The "best" way depends on what you are trying to do. If testing for
equality is what you want to do, then operator== is the best way.
fabs(d1-d2) < 0.0001
where d1,d2 are two doubles.
This may be appropriate in some circumstances, but it is not a test for
equality.
Maybe, but it's the best you can do with floating point numbers.
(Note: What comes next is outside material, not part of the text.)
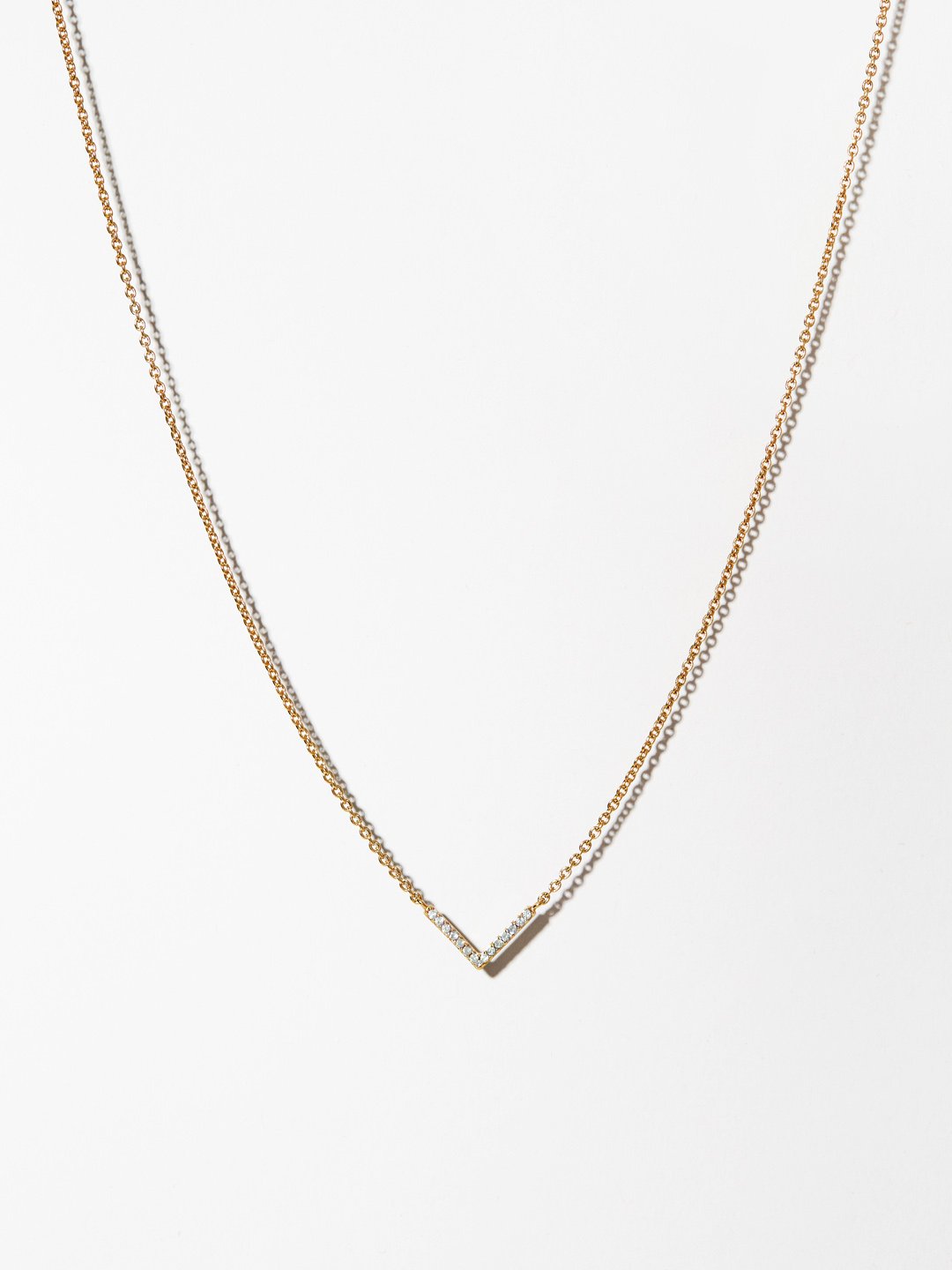• Tarnish-resistant sterling silver V-necklace dipped in 14k gold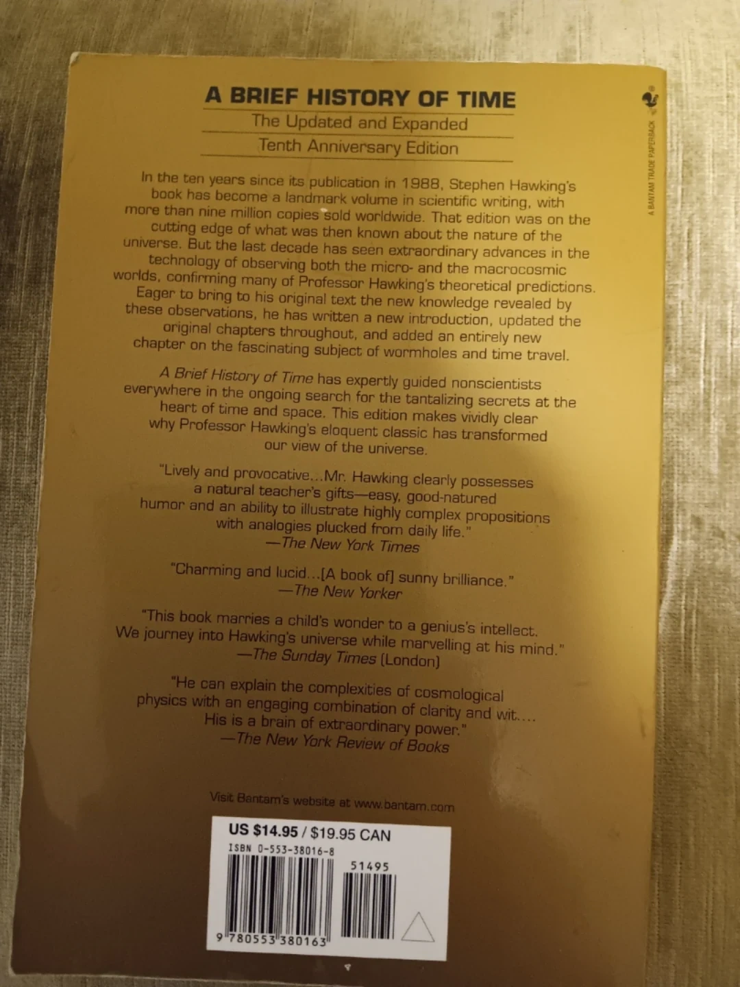 This is Stephen Hawking's 'A Brief History of Time,' the updated and expanded tenth anniversary edition. It offers a journey into the complexities of cosmology and the universe. It's a classic work for understanding spacetime and black holes.

No, it may be the best that YOU can do, but it's by no means a
universally better approach than testing for equality. Granted,
numerical methods are hard enough that they serve as PhD thesis topics,
but that doesn't mean that a simplistic replacement for equality
testing eliminates problems. It doesn't. It just hides them.
--
Pete
Roundhouse Consulting, Ltd. (www.versatilecoding.com) Author of "The
Standard C++ Library Extensions: a Tutorial and Reference
(www.petebecker.com/tr1book)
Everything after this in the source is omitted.